## Work task
Wherever pictures appear in the listing below, leave them out, and copy exactly, and only, everything from the line with "Deze retro-ontworpen zonnebril" down to the line with "Bear Stuffed Animal".

-- Provided data follows --

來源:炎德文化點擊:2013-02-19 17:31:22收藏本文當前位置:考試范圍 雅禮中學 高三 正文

-- Provided data concluded --
-- Provided data follows --

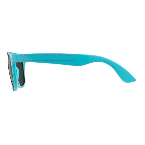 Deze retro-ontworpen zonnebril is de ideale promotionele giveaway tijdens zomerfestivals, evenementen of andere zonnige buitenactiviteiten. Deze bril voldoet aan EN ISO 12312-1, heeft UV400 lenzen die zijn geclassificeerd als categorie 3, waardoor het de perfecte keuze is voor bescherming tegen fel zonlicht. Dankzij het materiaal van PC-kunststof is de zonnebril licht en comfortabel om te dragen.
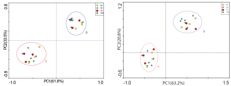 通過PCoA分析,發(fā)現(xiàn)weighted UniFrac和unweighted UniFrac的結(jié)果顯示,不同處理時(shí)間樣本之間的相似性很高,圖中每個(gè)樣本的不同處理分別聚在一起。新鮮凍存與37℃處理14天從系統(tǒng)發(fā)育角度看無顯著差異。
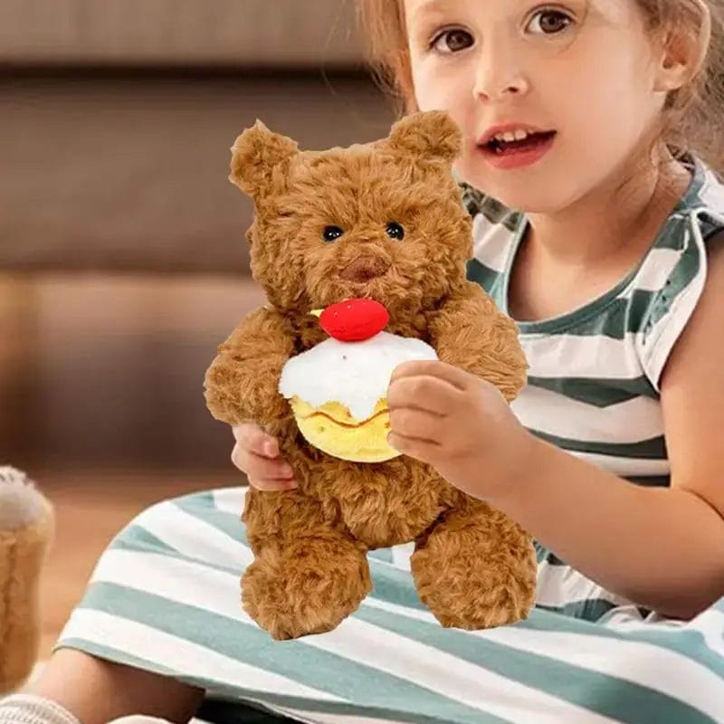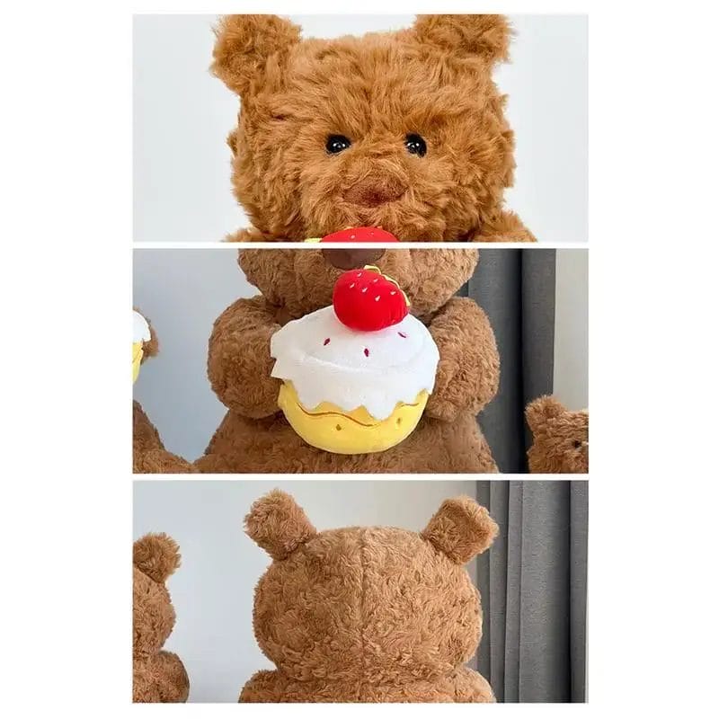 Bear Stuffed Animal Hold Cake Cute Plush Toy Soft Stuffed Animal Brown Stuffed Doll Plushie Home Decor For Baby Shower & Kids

-- Provided data concluded --

## Solution to this task
 Deze retro-ontworpen zonnebril is de ideale promotionele giveaway tijdens zomerfestivals, evenementen of andere zonnige buitenactiviteiten. Deze bril voldoet aan EN ISO 12312-1, heeft UV400 lenzen die zijn geclassificeerd als categorie 3, waardoor het de perfecte keuze is voor bescherming tegen fel zonlicht. Dankzij het materiaal van PC-kunststof is de zonnebril licht en comfortabel om te dragen.
 通過PCoA分析,發(fā)現(xiàn)weighted UniFrac和unweighted UniFrac的結(jié)果顯示,不同處理時(shí)間樣本之間的相似性很高,圖中每個(gè)樣本的不同處理分別聚在一起。新鮮凍存與37℃處理14天從系統(tǒng)發(fā)育角度看無顯著差異。
 Bear Stuffed Animal Hold Cake Cute Plush Toy Soft Stuffed Animal Brown Stuffed Doll Plushie Home Decor For Baby Shower & Kids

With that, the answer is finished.